Concern as Kashagan Start Date is Pushed Back Again

Concern as Kashagan Start Date is Pushed Back Again

Friday, 3 August, 2007
IWPR

IWPR

Institute for War & Peace Reporting

The Kazak government is clearly upset at an announcement from the Agip-KCO consortium that oil extraction at the major Kashagan field will start two years behind schedule. NBCentralAsia commentators say there is little the government can do as it is not really in a position to renegotiate the contract, and it will probably confine itself to seeking a bigger share of the oil production.



At the end of July, Energy and Mineral Resources Minister Baktykozha Izmukhambetov said the government had been informed by Agip-KCO that the field will take two years more to develop than planned and would require twice as much spending. Extraction at Kashagan is now scheduled to begin during the second half of 2010, a postponement that Agip-KCO argues is necessary for safety reasons. Development costs are now being put at 136 billion US dollars, instead of the previous 57 billion dollar estimate.



Prime Minister Karim Masimov suggested that the delay amounted to a breach of the consortium’s contract with the government, and warned that the Kazak state would take “adequate” measures in response.



The Agip-KCO consortium, created especially for Kashagan, brings together the oil companies Eni, Exxon Mobil, Royal Dutch Shell, Total, Conoco Phillips, and INPEX, and also KazMunaiGaz, Kazakstan’s national oil and gas company.



Kashagan is an offshore field, the largest in the Caspian Sea with reserves estimated at between 38 and 51 billion barrels of oil. The government has been pinning its hopes on the field as it makes plans to double oil production by 2015.



The start date for Kashagan has already been postponed from 2005 to 2008 due to technical difficulties in developing the offshore site.



NBCentralAsia experts say that while the latest delay may cost Kazakstan dear, there is very little it can do to recover potential losses.



Political analyst Maksim Kaznacheev believes that the extra costs needed to develop the field will come as a real blow to the government because under the terms of the contract, it will not start getting a share of the oil until Agip KCO’s members have recouped their investment.



“The initial cost-recovery period will become considerable longer, making the project a correspondingly greater risk, for instance in the eventuality of a steep fall in oil prices,” he said.



Another analyst, Eduard Poletaev, agrees, saying that postponement “automatically” reduces the government’s ability to ensure a consistent flow of oil to its own foreign customers.

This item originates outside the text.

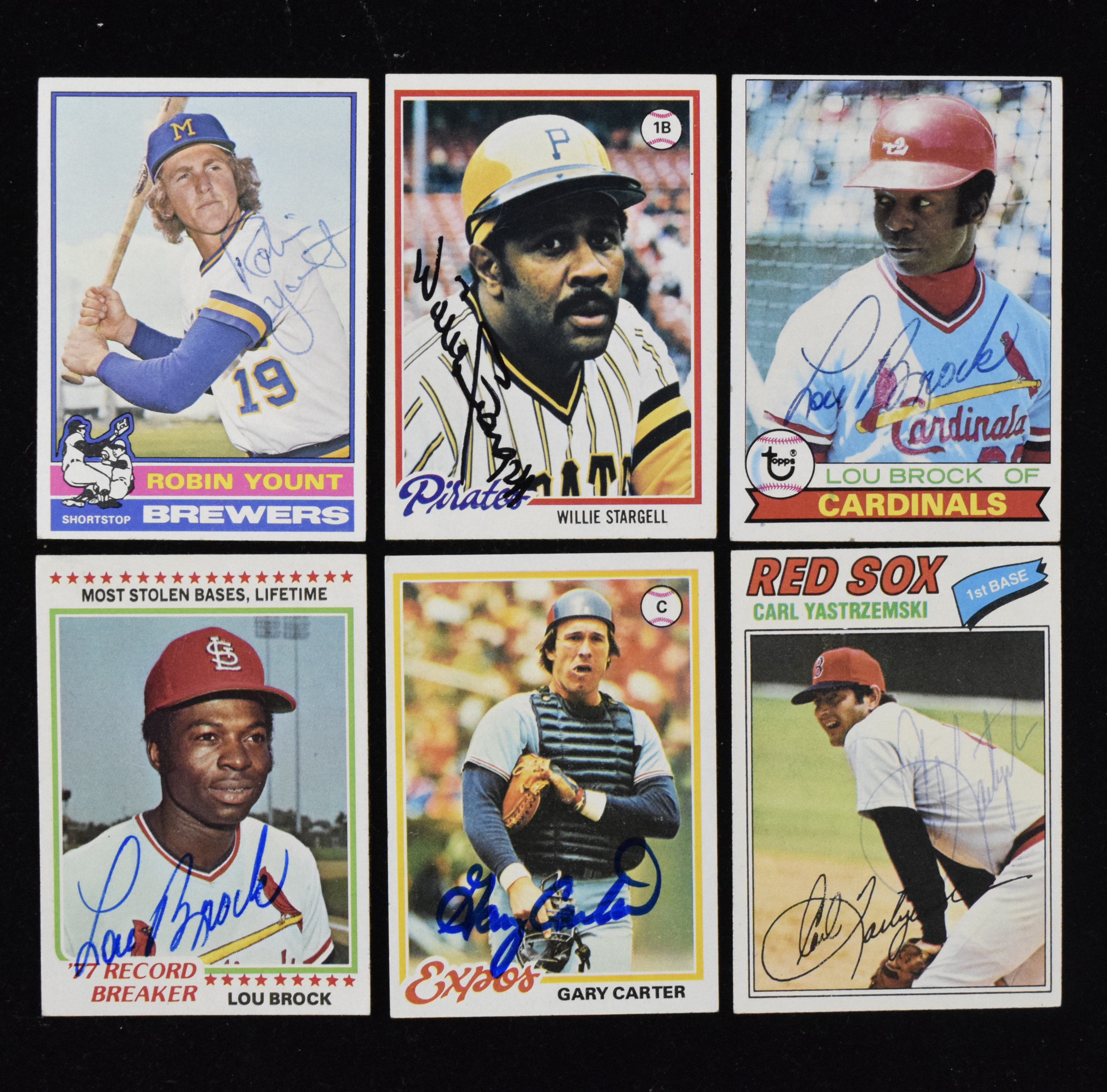 Description:Lot of (14) 1976-1979 Baseball Hall of Famer autographed Topps cards (Sigs. VG-NM, Cards VG-EX/MT) Includes 1976 Topps Robin Yount, Billy Williams, Joe Morgan, and Gaylord Perry; 1977 Topps Brooks Robinson, Carl Yastrzemski, and Gaylord Perry; 1978 Topps Lou Brock (record breaker), Willie Stargell, Gary Carter, and Rollie Fingers; 1979 Topps Joe Morgan, Lou Brock, and Catfish Hunter. Signatures rate 7 to 9 out of 10. Varying degrees of mostly light wear to cards: Sigs. VG-NM, Cards VG-EX/MT

Despite the prime minister’s threat of an “adequate” response, the government has very little space for manoeuvre, Poletaev said. It cannot, for example, replace Agip-KCO with another operating company since that would require different partners to be found and a new contract negotiated, and would just waste more time and delay the project further.

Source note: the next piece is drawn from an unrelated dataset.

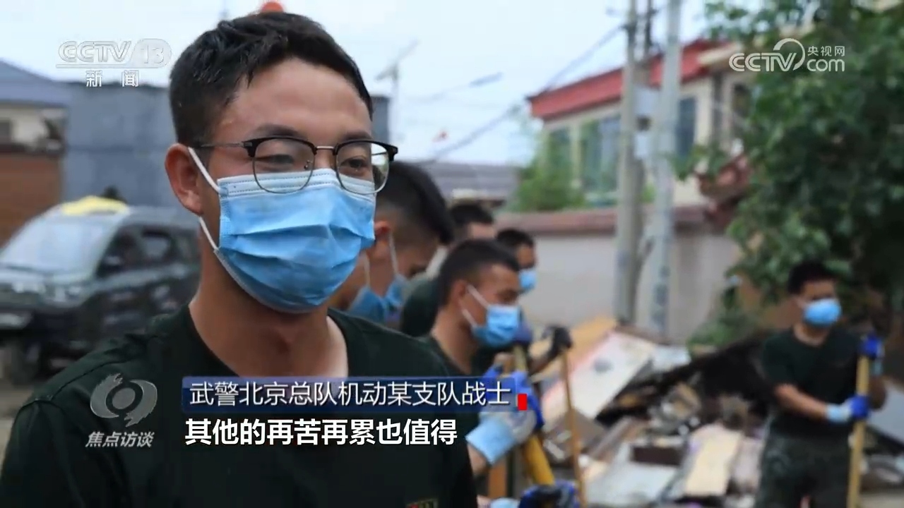 从7月31日接到命令以来,武警北京总队机动某支队就派出1450人奋战在一线,前期参与救援,现在是灾后清淤,每天都要工作十小时以上。

Kaznacheev agreed with this view, saying, “Kazakstan is unlikely to be able to exert a lot of influence on the way the contractual terms are followed. Instead, there will probably be a loud exchange of opinions via the media, without far-reaching consequences.”



In the end, he said, Kazakstan will probably “confine itself to demanding a larger share of the oil that is extracted”.



(News Briefing Central Asia draws comment and analysis from a broad range of political observers across the region.)